Precious Metals

Precious Metals

Materiality summary

While the depreciation of the rand has improved the competitiveness of South Africa’s labour over the past years, the South African mining industry is nonetheless faced with uncomfortable truths that expose the traditional high-labour business model as being uncompetitive in the modern era. The mining industry spends 80% less on technology and innovation than the petroleum industry, for example.

 

Smart technology and mechanisation are providing competitors in other countries with major advantages, including: faster lead times and more flexible response, higher recovery rates, better identification of available ore seams, higher productivity and better safety records.

 

The imperative for South African mines to invest in technology and mechanisation is unavoidable, especially as SA ore reserves are now to be found at ever deeper levels, or require more advanced techniques to extract product from lower ore grades. Already, 30% of SA’s platinum now comes from mechanised mines.

 

If gold and platinum mines continue as before, they will simply go out of business (rationalisation continues with Amplats exiting Union and Rustenberg mines). In order to build the capacity to become profitable in the long term, SA mining companies will have to invest in smart technology and mechanisation. This is already starting, Amplats’ modernised Batophele mine being an example.

 

In our view, the most material non-financial, or underlying ESG issues for the mining industry is how to deal with the expectations of surrounding communities in the face of the new reality of mechanisation and thus fewer jobs.

 

Our view is that Gold Fields’ diverse assets in other geographies and its strategy of diverting its investment away from non-performing assets in South Africa, is a valid and responsible reaction to this issue as it reduces the residual risk it faces.
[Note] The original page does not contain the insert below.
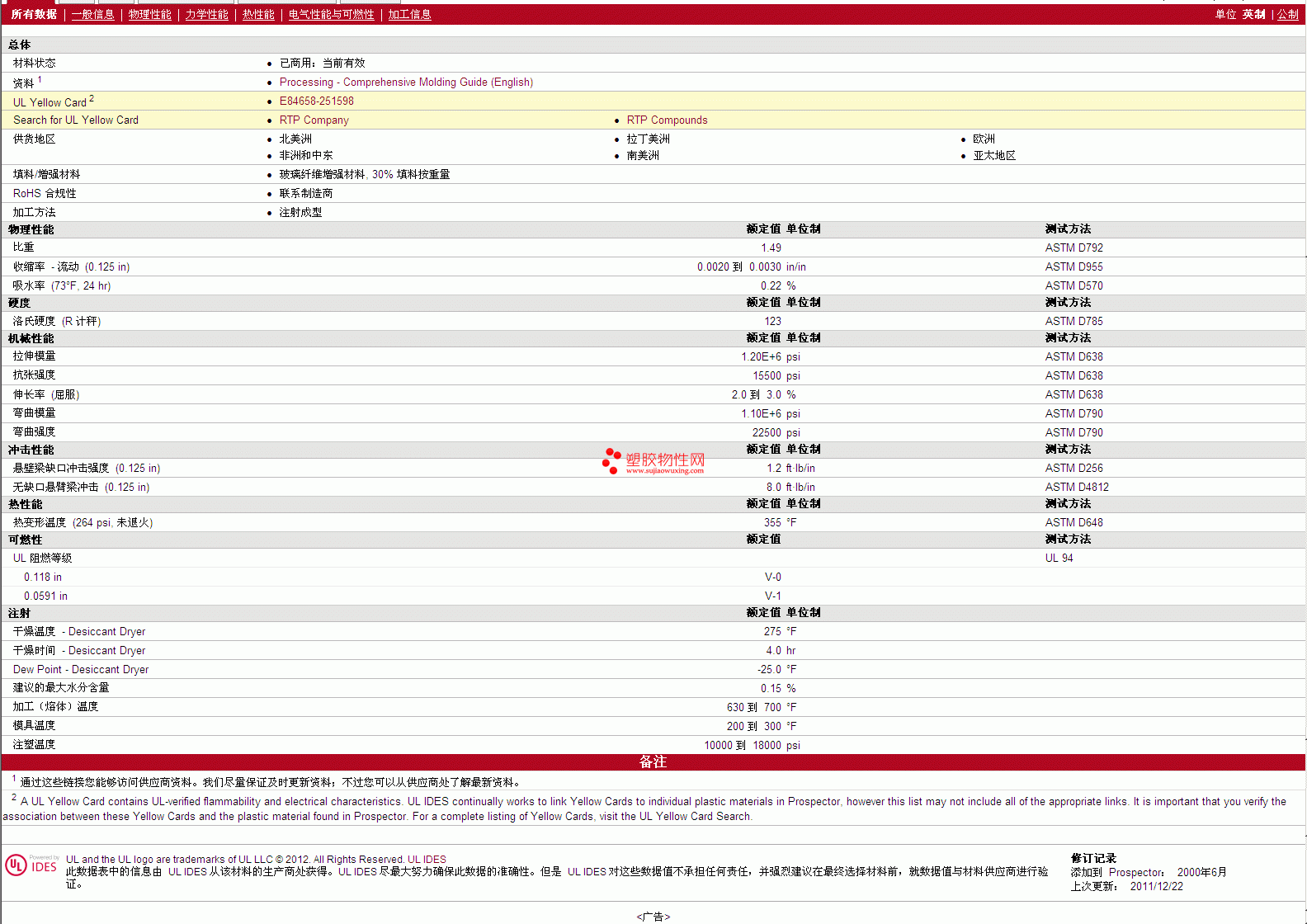 如需了解RTP Compounds PSU 900 GF-130 物性表更多详情,ROHS(SGS)报告、物质安全资料表(MSDS)、材质证明、UL黄卡等,最新行情报价等可来电咨询:赵先生:13424755533或QQ: 27660005

Nonetheless, South Deep is a significant asset. Despite strong acknowledgement of the challenges facing community development by CEO Nick Holland, a clear strategy has yet to emerge.

 

Amplats, as PMG metals producer, is more wedded to the Bushveld Complex, and thus to South Africa. Consequently, its exposure to the risks associated with this issue are higher. And its reporting reflects a more mature leadership approach to community development than does Gold Fields’. Amplats not only invests R&D in Fuel Cell technology and in the local jewellery industry, but also shows real commitment to local enterprise development, particularly related to its own supply chain. Whether the former will materialise and the extent to which the latter will make a significant impact on the local economy, remains to be seen.

 

Labour

Fair labour

The Platinum miners’ strike of 2014 was a result of poor stewardship by mining leadership of its human resource capital. During the platinum metal boom of the previous period, the gap between executive management earnings and mine wages rose to unsustainable levels. Meanwhile, the Farlham Commission revealed the financial difficulties facing miners in the form of garnishee orders that rendered many of them impoverished on pay day. Mechanisation and the mining exodus from South Africa further put further pressure on employment levels. In particular, mines will continue to shed jobs as they accelerate towards a smart-tech, mechanised and more labour efficient model of mining ores further out of reach of traditional methods. These and other challenges have to be addressed by mining houses in the rebuilding of relations between mine management and workers post Marikana.

 

Gold Fields experienced a foretaste of this. Its initiative to bring in an Australian team to lead mechanisation at South Deep was, by its own admission) a disaster, meeting strong political resistance.

 

Artisanal and illegal mining

An emerging issue addressed by very few companies in the analysis is that of artisanal and illegal mining. This is but one expression of the frustration shown by local residents in being shut out of the apparent riches being exploited by foreign miners. The mining industry needs to find ways to include marginalised operators, whether at the informal, low-technology level, or at a higher, more formalised level.

 

Society

Community expectations

The hard realities facing the labour-serving communities in the mining belt has yet to hit home, and expectations of jobs are wildly unrealistic. Communities have high expectations for development, leading to rapid influx into local towns (Greater Tubatse’s population, for example has increased from 260,000 to 375,000 since 2006). Workers seeking employment, or recently retrenched, begin venting their anger against preferential treatment given to those still in employment.

 

Smaller workforces will require new models for engagement with communities. Current mining CSI programmes are inadequate for they have failed to encourage local economic development for self-reliance.

 

LED in partnership with local government

On the other hand, local municipalities’ budgets are too small to provide the infrastructure required for the growth of the local economy (roads, housing, water & sanitation, electricity, schooling, etc.). Private/public partnerships will need to be further strengthened to develop local infrastructure, hopefully implementing projects that offer direct benefits to mine and community.

 

Environment

Downstream beneficiation

Likewise, there is growing realisation that local economic investment in downstream beneficiation of the primary mined product would be a way to develop the local economy rather than sending commodities offshore for others to benefit from adding value. The platinum industry is showing signs of interest in this arena, developing fuel cell technology to augment alternative energy systems, as well as catalytic converters to meet tightening environmental legislation to reduce vehicle exhaust emissions. Other industrial opportunities beckon, as well as the jewellery industry, thus far with little success.